College Filling CTE Teacher Need

By Teri Cettina

Olympic College is helping Washington stem the state’s shortage of career and technical education teachers.

Washington state is currently facing a severe K–12 teacher shortage, and career and technical education (CTE) teachers — which help prepare students for entry-level jobs as biomedical researchers, physical therapy assistants, robotics experts, forensic technologists and much more — are in particularly short supply.

About four years ago, Olympic College (OC), in Bremerton, Washington, decided to address the CTE teacher shortage by creating a CTE teacher-certification program that would qualify working professionals to become CTE teachers very quickly — in as little as one year.

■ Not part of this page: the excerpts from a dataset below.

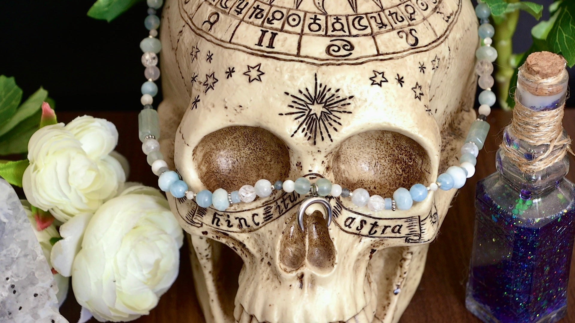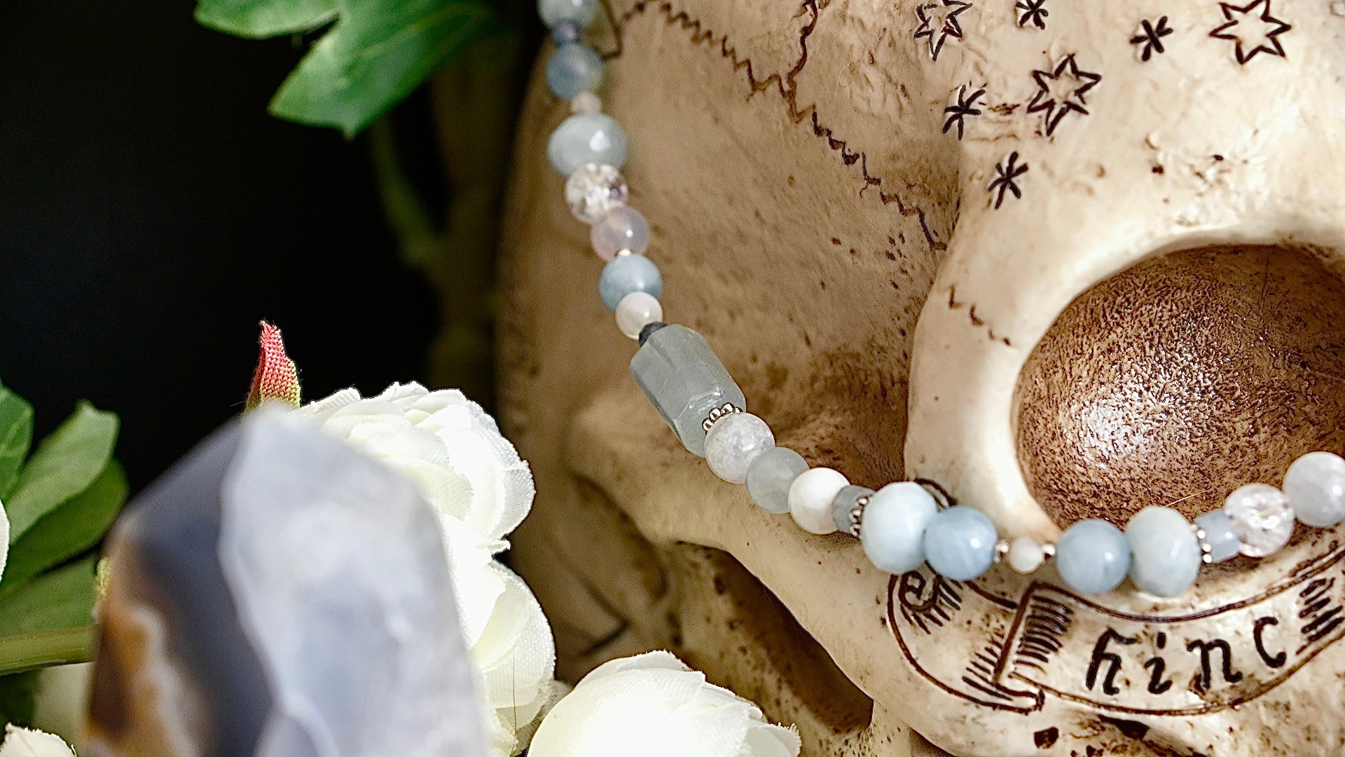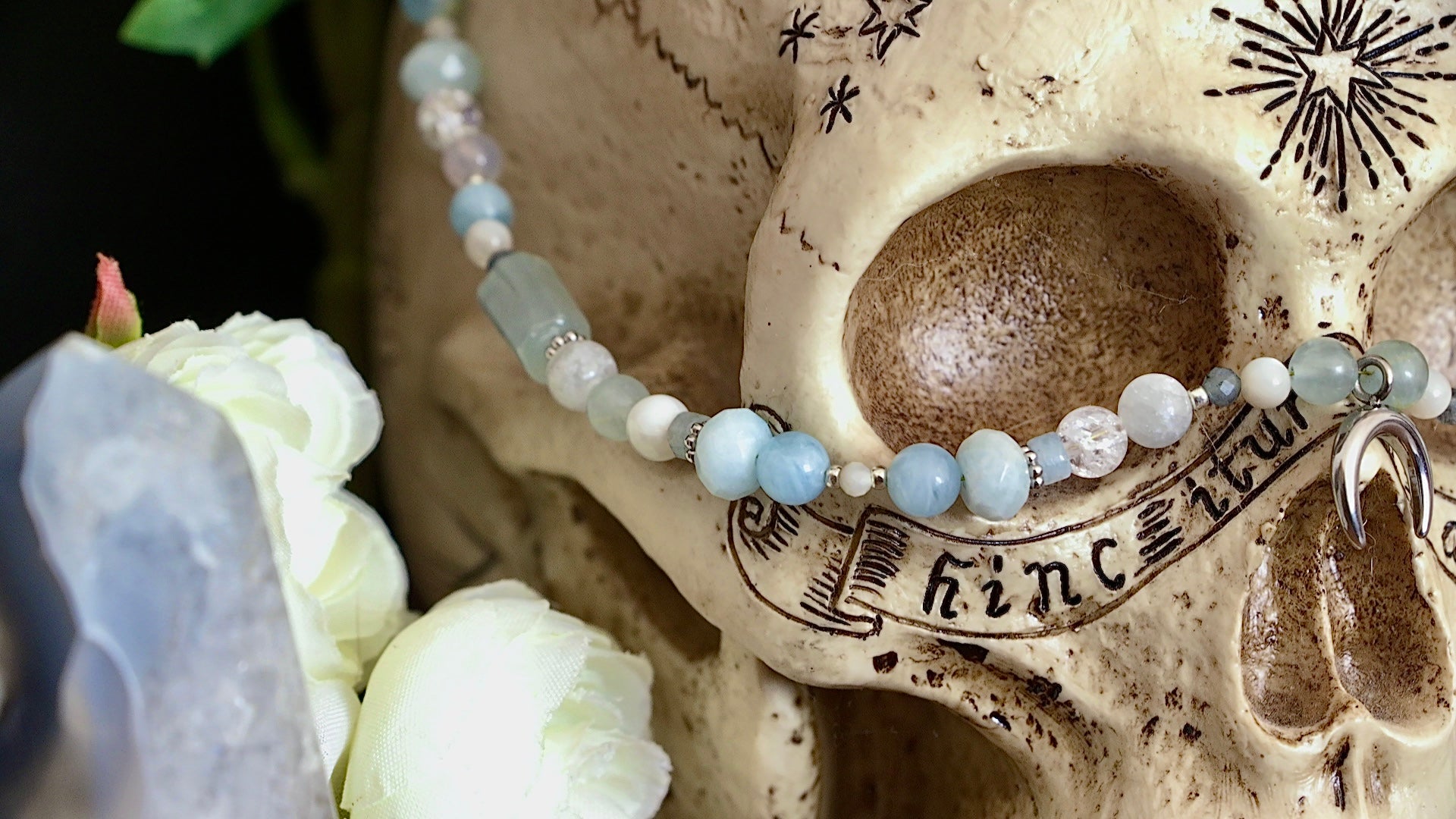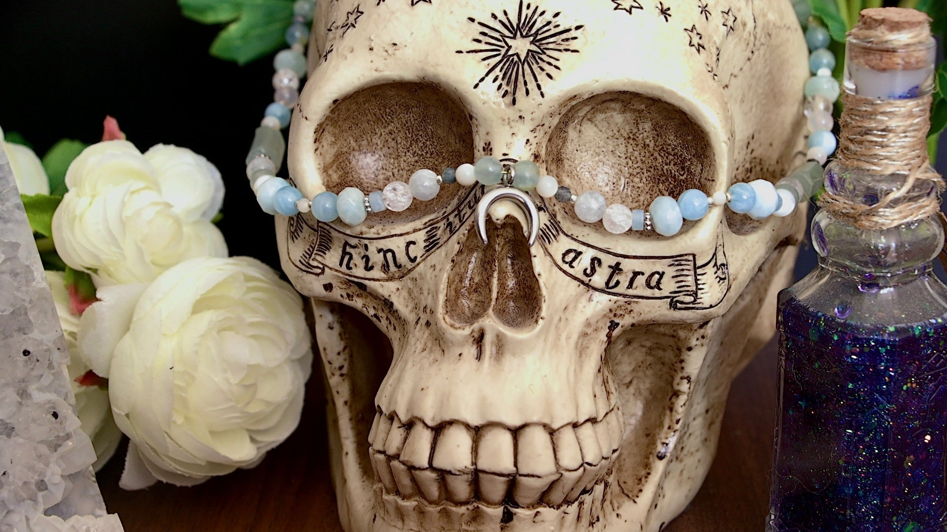 Ce n'est pas nouveau : j'adore tout ce qui est en forme de lune, et je la guette de ma fenêtre presque chaque soir. Alors quand j'ai commandé ces pendentifs, je savais que j'allais rapidement les utiliser ! C'est autour donc du pendant que j'ai crée ce modèle. Une lune argentée, entourée de couleurs douces, rappelant les nuits paisibles de la campagne. Mais étonnamment, je n'ai pas utilisé de pierre de lune pour ce modèle ! J'avais envie de mettre en avant le bleu clair de l'aigue marine, de la célestine et de la calcite, et les reflets de mes pierres de lune prenaient trop le dessus, avec ses couleurs presqu'électriques. J'ai préféré alors contraster avec de la nacre blanche, et du quartz crack, ajoutant ainsi une pointe de brillance sans qu'elle ne prenne le dessus, mais qu'elle sublime la parure, notamment sous la lumière.
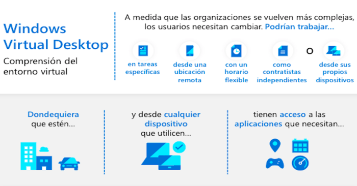 Microsoft innova continuamente para impulsar las mejores experiencias de su clase, sin importar dónde se encuentre. Conozca cómo puede maximizar la productividad en el entorno virtual con Windows Virtual Desktop.
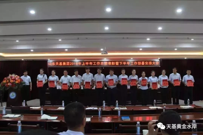 会上,王勇总经理宣读了天基集团《关于表彰奖励2018年上半年工作先进单位和先进个人的决定》。黄金山董事长为他们颁发了奖牌、荣誉证书和奖金。

To participate in the program, individuals must be able to document that they have at least 6,000 hours of professional work experience in one of the CTE training program’s approved work-specialty categories. Specialties range from accounting to worksite learning.

“Most candidates already have plenty of work experience in their fields, so we add in the educational side of their training,” explains Amy Hatfield, OC’s dean for workforce development and basic studies. The college’s CTE certificate program includes courses in CTE classroom safety, student development, leadership techniques and curriculum development. Classes are offered in the evening, on weekends and online to accommodate working adults.

Assessing the need

Why did a CTE teacher-training program make sense for OC?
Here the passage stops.